**The data:**
────

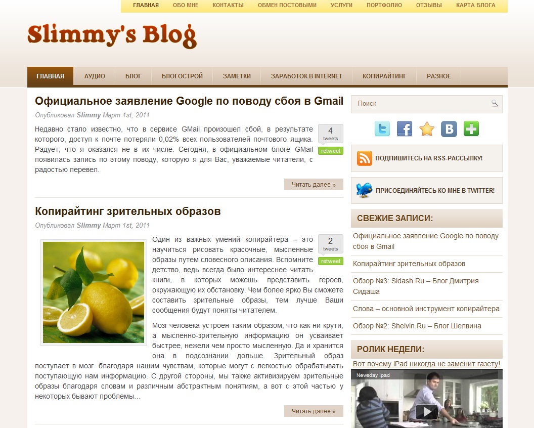 Вторым блогом на сегодняшнем обозрение будет сайт моего друга Данила (Slimmy) блог про копирайтинг.
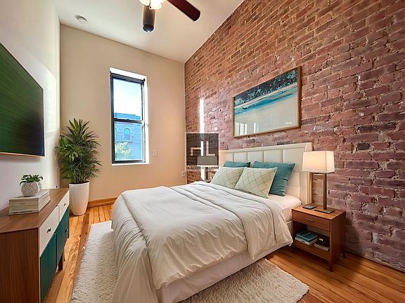 Exposed brickStainless steel appliancesHardwood floorsFull size bedroomQueen size bedroomEat in kitchen
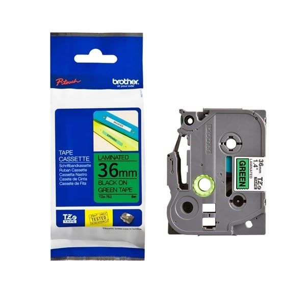 Nhãn in Brother TZE-761 là dòng nhãn đa lớp cao cấp với kích thước 36mm x 8m, thiết kế chữ đen trên nền xanh lá cây nổi bật. Sản phẩm gồm 7 lớp vật liệu với lớp phủ laminate bảo vệ giúp nhãn chống trầy xước, chịu được hóa chất, chống thấm nước và chịu nhiệt độ từ -80°C đến 150°C. Nhãn còn có khả năng chịu tia UV, giúp chữ in không phai mờ trong 1-3 năm, phù hợp sử dụng cả trong nhà và ngoài trời với độ bền cao và độ bám dính tốt trên nhiều loại bề mặt, kể cả bề mặt cong và phức tạp.
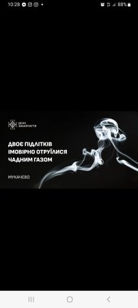 Мукачеві до Обласної дитячої лікарні потрапили двоє юнаків 2008 та 2009 роківУ народження. Як вдалося з’ясувати, їхня мати прийшла після роботи додому й побачила синів непритомними. Пізніше один із них розповів, що вони раптово відчули запаморочення, дзвін у вухах і нудоту. Із попереднім діагнозом отруєння чадним газом їх госпіталізували до реанімаційного відділення. Представники газової служби перевірили оселю й не виявили витоку природного газу. Остаточна причина отруєння підлітків встановлюється

────

Reproduce the material above exactly, first line through the line that contains "Exposed brickStainless steel", minus the pictures.

 Вторым блогом на сегодняшнем обозрение будет сайт моего друга Данила (Slimmy) блог про копирайтинг.
 Exposed brickStainless steel appliancesHardwood floorsFull size bedroomQueen size bedroomEat in kitchen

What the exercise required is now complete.